The risk of inaccuracies extends beyond recent data, so while LLMs queries can accelerate certain steps, they do not eliminate the need for human skills through the design process. LLMs can occasionally output incomplete or false information. For example, when prompted with ‘List the steps involved in the implementation phase of the biodesign process’, chatGPT-4 fails to include funding and financial strategy—a crucial component in the implementation stages. Therefore, while LLMs may streamline an individual’s workflow, the generated information should not be taken at face value without additional due diligence.

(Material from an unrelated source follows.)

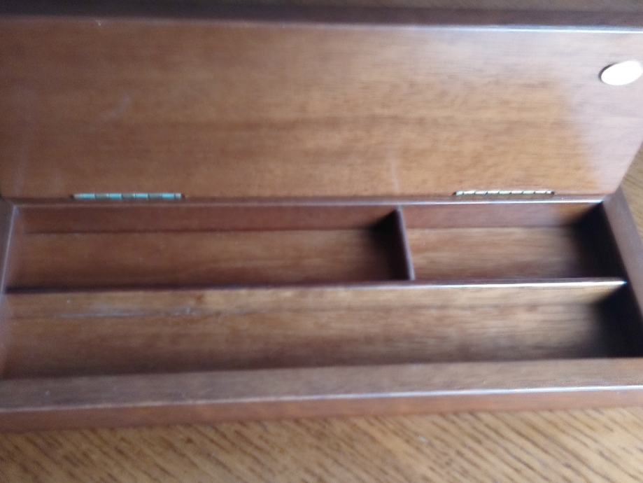 Lijepa kutija od kvalitetnog drva, s graviranim ukrasom na poklopcu, dužina 27 a širina 10 cm. Unutra je nekoliko pretinaca za pohranu cigara ili drugih predmeta; uz kutiju ide i futrola; vrlo lijep suvenir ili prigodan poklon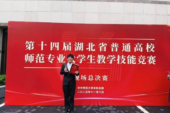 2025年11月8日,第十四届湖北省普通高校师范专业大学生教学技能竞赛现场总决赛在华中师范大学落下帷幕。我院2023级英语(师范)专业谭海同学凭借扎实的专业功底与出色的现场表现,荣获高中英语组一等奖。

Additionally, the inherent reliance on training data creates a risk of plagiarism, meaning any responses generated are based on existing data and literature. Browser-enabled and retrieval-augmented LLMs give the capability to access contemporary sources of information; however, the accuracy of cited sources should be verified and should not be accepted at face value. Innovators must ensure they are only using LLMs to augment their original ideas and facilitate the development of their design concepts rather than rely on LLMs through each step of the biodesign process. Finally, it is currently unclear how significant the risks associated with uploading intellectual property into a framework that may use those very inputs to train itself further and make them available to the public are.

Conclusion

Medical innovation is a lengthy and demanding process, requiring a vast amount of information and resources for innovators to navigate each step effectively. For novice engineers and entrepreneurs, the usage of LLMs can fill the gaps in knowledge and experience that might otherwise impede their innovation. For large and small developers alike, LLMs create the potential for expediting the biodesign process due to the time and resources that can be saved. With proper prompting and use of techniques such as RAG, the implementation of LLM query techniques can reduce barriers to product commercialisation and alter the medical landscape by promoting innovation at an unprecedented rate.